The total_magnetization option corresponds to a different situation in
which you force the system to have a given total magnetization
(therefore a given number of Nup and Ndw electrons)
This is imposed by defining two distinct Fermi energies (one for up and
one for dw electrons) and if they end up to be different it can be
interpreted as having put the system in a uniform magnetic field.
Another option is to force the atomic magnetizations (defined by
integrals in spheres surrounding the atoms) to have certain values.
Check the constrained_magnetization details.

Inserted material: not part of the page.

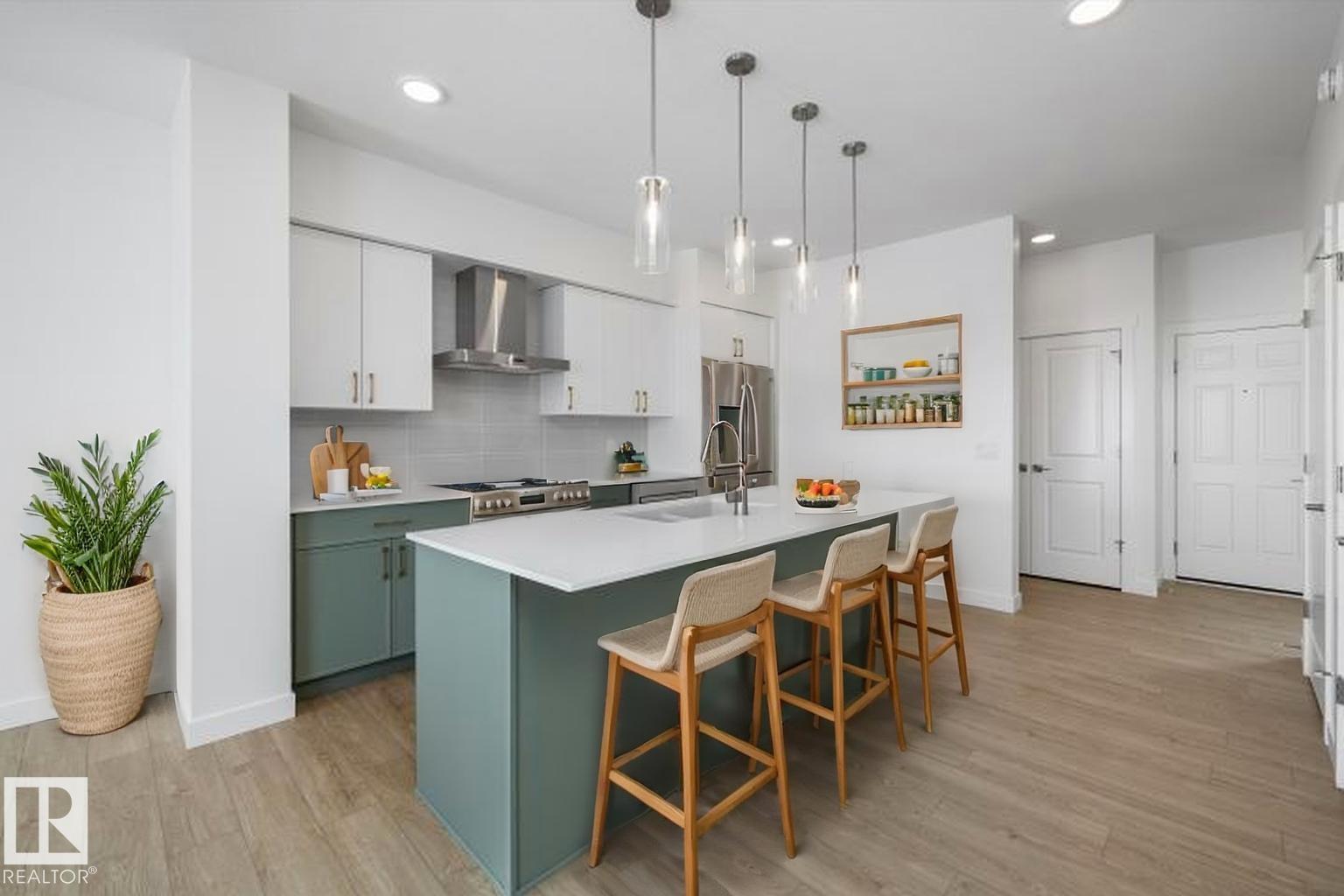 Built by Sterling Homes, this inviting duplex in SouthCreek delivers a relaxed lifestyle with bright, thoughtfully planned living spaces throughout. Triple pane windows and 9’ ceilings create an airy main floor where the foyer opens into a spacious living area ideal for everyday family life. The kitchen is beautifully finished with quartz countertops, a central island, upgraded cabinetry, chimney hood fan, built-in microwave, and a full-height tile backsplash—blending style and function with everything within easy reach. Expansive rear windows and a sliding patio door flood the great room and dining area with natural light while offering views of your future backyard deck. Upstairs, the primary suite serves as a peaceful retreat with a walk-in closet and private ensuite featuring double sinks and a tub/shower combo. Two additional bedrooms, a full bath, upper laundry, and a versatile bonus room complete this comfortable, family-friendly home. (id:63190)

This does not impose a different value of Nup/Ndw. It produces only one
Fermi energy.
best,
stefano
On 18/09/2015 23:07, Ary Junior wrote:
> Please,
>
> I'm using the variable starting_magnetization(#) instead of
> tot_magnetization in a spin-polarized calculation (nspin = 2), with
> smearing and degauss > 0.0 (lgauss is .true.)... The result is that
> for some starting magnetization values, there are more bands occupied
> with spin up than spin down, with partial occupations at the top of
> the valence band... In that case, I was expecting to see the values of
> the variables ef_up and ef_dw in the output, instead of only the value
> of the variable ef...
>
> My question is: why in the file PW/src/input.f90 the variable
> two_fermi_energies is .true. only if tot_magnetization /= -1._DP? In
> the calculation described above, the subroutine weights
> (PW/src/weights.f90) calls the subroutine gweights
> (PW/src/gweights.f90) only once, and the variable ef is set with the
> bisection method implemented in the file PW/src/efermig.f90....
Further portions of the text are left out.